For the first time yellow cards in Tour: repeated misconduct means end of course

For the first time yellow cards in Tour: repeated misconduct means end of course

For the first time in the 122-year history of the Tour de France, riders can receive yellow cards for misconduct. How does the card system work, and what are the consequences? NU.nl explains.

The international cycling federation UCI introduced the card system at the beginning of this year to make cycling safer. In the eyes of the cycling federation, too many crashes occurred due to the misconduct of riders and team leaders.

A rider can receive a yellow card for nineteen different violations, according to the UCI regulations. The most important are deviating from the line in a mass sprint, drafting behind a team car, and pushing or riding on a road outside the course.

The card system in cycling is modeled after soccer. A first yellow card is a warning and has no consequences. A second yellow card does. The rider in question must leave the race immediately and is also suspended for seven days.
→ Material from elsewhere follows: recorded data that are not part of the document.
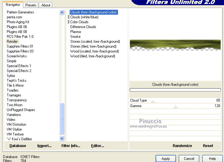 Effetti>Plugins>Filters Unlimited 2.0 - Render – Clouds(fore-/background color), con i settaggi standard.
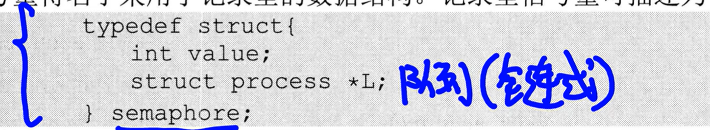 用链表实现的队列,重命名为semaphore,记录型信号量就是除了整数,还有一个队列
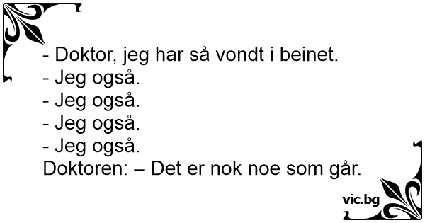 - Doktor, jeg har så vondt i beinet.

The UCI commissioners act as referees. They can also use the images to come to a judgment and are therefore both referee and VAR in one. Incidentally, these commissioners do not give physical yellow cards. They only report a card in the race communiqué.

Riesebeek was the first rider to be suspended

Since the start of the cycling season, 67 yellow cards have already been handed out to riders (men and women), according to a UCI database. The Dutchman Oscar Riesebeek had the dubious honor last month of being the first rider ever to be removed from the race by the card system.

It happened to Riesebeek, who rides for Mathieu van der Poel’s team, in the Tour of Belgium. First, he veered across the road in one go, and then he used a path that did not belong to the course. As a result of the seven-day suspension, he missed the Dutch National Road Race Championships in his birthplace of Ede on Saturday.

Riesebeek served his suspension and seemed to be able to prepare for his Tour debut, but Alpecin-Deceuninck decided to pass him for the biggest cycling race in the world on Tuesday. It has not been announced whether this has anything to do with his yellow cards.

Riesebeek would have had to watch out if he had participated in the Tour de France. A rider who picks up three yellow cards within a period of thirty days will be suspended for two weeks. Riesebeek would therefore have ridden two-thirds of the Tour in the danger zone: he received his first yellow card on June 19. The Tour lasts until July 27.

Criticism of arbitrariness in cards

The discussions in soccer about yellow and red cards have now also spilled over to cycling. Giving cards is also a matter of interpreting the rules in cycling.

For example, the Belgian sprinter Jasper Philipsen did not receive a yellow card in February after he deviated significantly from his line in the sprint in the Tour of the United Arab Emirates. He was only relegated.

“I don’t actually know the difference between a yellow card and a relegation,” said Belgian sprinter Jordi Meeus to Sporza. Former Olympic champion Greg Van Avermaet unsuccessfully pleaded for a committee of former riders to determine whether a violation is worthy of a yellow card.

None of the 184 Tour participants are on edge at the start in Lille on Saturday. Time will tell if that is still the case after the first week, when the nervousness in the peloton is always greatest.